This Setauket house is listed for $649,000.

This Setauket house is listed for $649,000. Credit: Coach Realtors

When Wayne Padula first saw his house in Setauket, he thought it was the most authentic late-1700s saltbox he had ever seen. And yet, it was built in 1960.

“I was staggered with its authenticity,” says Padula, an American history buff. “So that was what really clinched it.”

Padula put a deposit on the house the day he saw it. Now, 30 years later, he and his wife, Alice, have placed it on the market for $649,000.

“I’ll miss it,” says Padula. “I’ll miss living in, like, 1812.”

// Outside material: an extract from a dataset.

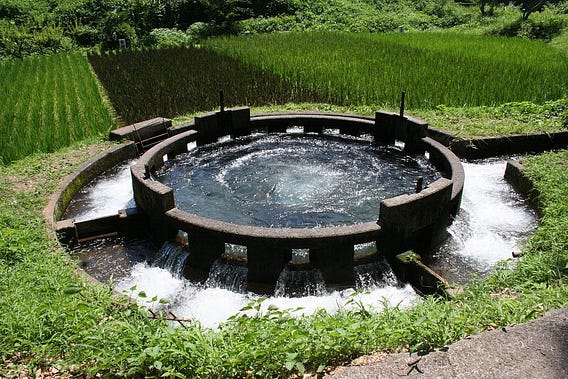 The development of the Entobunsui circular water divider in early 20th-century Japan can be seen as a way of stabilising usufructuary rights through technological design. A common characteristic of a right of usufruct is use of and benefit from a resource without wasting it. In agrarian societies, irrigation water is typically not owned outright by individuals but shared among communities, with each farmer holding a right to use a portion for cultivation. It is the norm not to waste water. As well water supply can be variable, is rivalrous (one person’s use reduces what is available), and may be difficult to measure without flow meters, gauges and monitoring systems. This makes equitable allocation both legally and practically complex.

Padula says he thinks his house resembles the Quincy, Massachusetts, homes of former presidents John Adams and his son John Quincy Adams, which are feet apart from one another at Adams National Historical Park.

The exterior of Padula’s house features wood siding, a triangular pediment above the front door, symmetrical multi-paned windows, a central chimney and sharply sloped roof. To match the era, there are few doorknobs in the house. Instead, each door has a hand-forged wrought iron handle and latch, Padula says.

The ceilings are 7 feet 4 inches “because that’s how they built homes in the 1700s so they wouldn’t waste any heat,” Padula says.

This house has three bedrooms and two bathrooms. 

This house has three bedrooms and two bathrooms.  Credit: Coach Realtors

The living room stretches from the front of the three-bedroom, two-bathroom house to the back. It includes a fireplace and oak floors. The house features a formal dining room, a second-level master bedroom with a fireplace, an unfinished basement and two-car garage.

It is on a .81-acre lot next to Kaltenborn Commons, a four-acre park.

“It has a lot of charm,” says listing agent Linda Stowell of Coach Realtors. “You walk through and can imagine yourself in the 1800s.”

Outside the galley kitchen, which was updated in recent years to include granite countertops and stainless steel appliances, Padula says he has kept everything in the house as it was to retain the historical look.

“I tried to keep it all the way it was,” Padula says.  “This is as close as you can get to a house built before the 1800s.”